#### THE INPUT:
<<<<
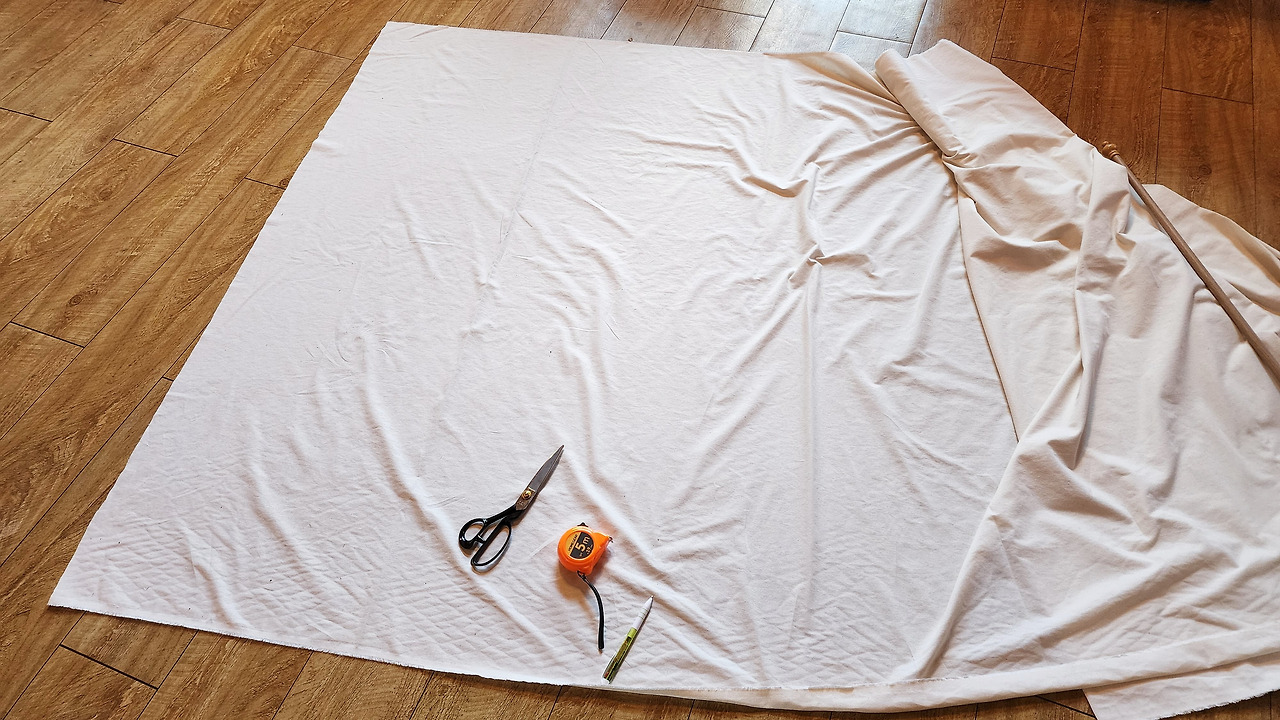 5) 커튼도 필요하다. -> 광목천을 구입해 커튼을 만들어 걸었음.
>>>>
<<<<
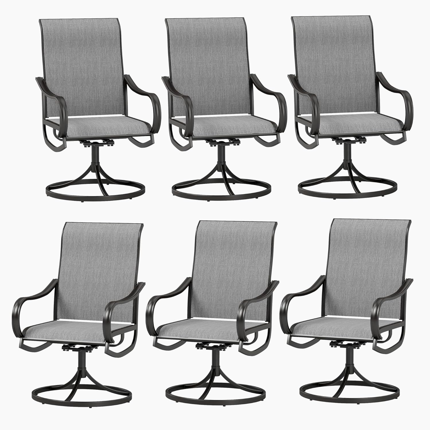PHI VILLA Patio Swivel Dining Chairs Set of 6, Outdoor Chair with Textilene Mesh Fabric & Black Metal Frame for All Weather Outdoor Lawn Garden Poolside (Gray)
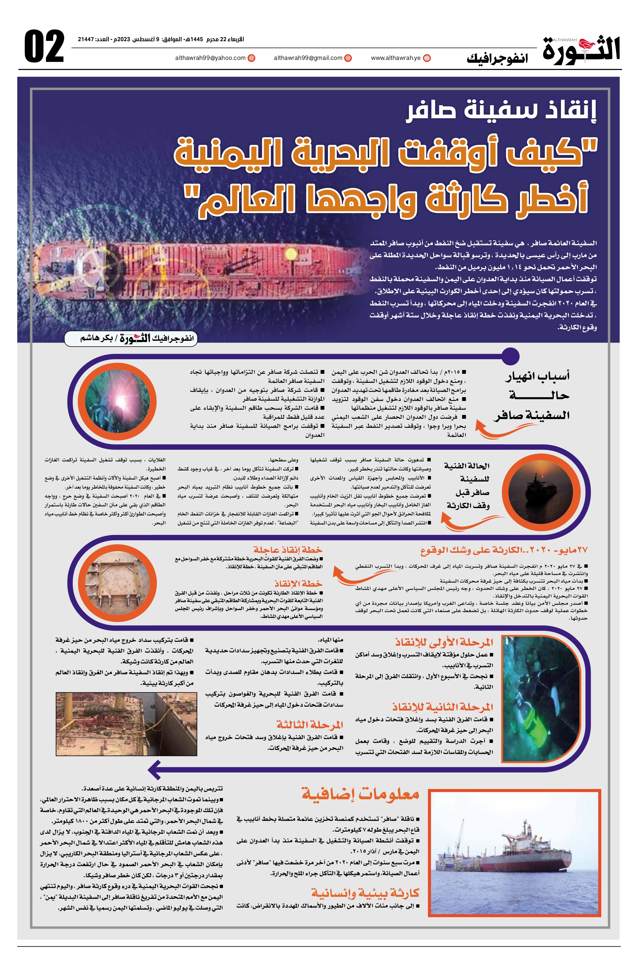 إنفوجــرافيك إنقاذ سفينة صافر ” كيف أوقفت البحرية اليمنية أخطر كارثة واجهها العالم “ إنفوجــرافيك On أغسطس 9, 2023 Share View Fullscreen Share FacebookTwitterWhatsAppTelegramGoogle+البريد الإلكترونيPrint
>>>>
<<<<
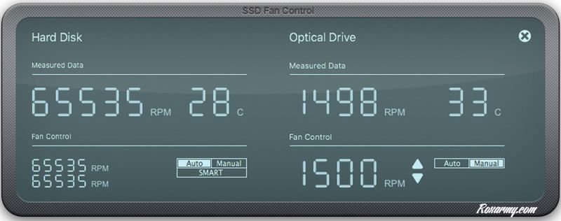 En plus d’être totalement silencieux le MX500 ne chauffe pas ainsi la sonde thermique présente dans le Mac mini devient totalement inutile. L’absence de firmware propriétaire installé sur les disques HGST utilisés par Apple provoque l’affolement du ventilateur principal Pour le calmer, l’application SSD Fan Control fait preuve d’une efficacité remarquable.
>>>>
#### EXERCISE DESCRIPTION:
Above are some records. Output exactly the lines from the one that contains "PHI VILLA Patio" to the one that contains "إنفوجــرافيك إنقاذ سفينة", keeping both, and omit the pictures.

#### SOLUTION TO THIS PROBLEM:
PHI VILLA Patio Swivel Dining Chairs Set of 6, Outdoor Chair with Textilene Mesh Fabric & Black Metal Frame for All Weather Outdoor Lawn Garden Poolside (Gray)
 إنفوجــرافيك إنقاذ سفينة صافر ” كيف أوقفت البحرية اليمنية أخطر كارثة واجهها العالم “ إنفوجــرافيك On أغسطس 9, 2023 Share View Fullscreen Share FacebookTwitterWhatsAppTelegramGoogle+البريد الإلكترونيPrint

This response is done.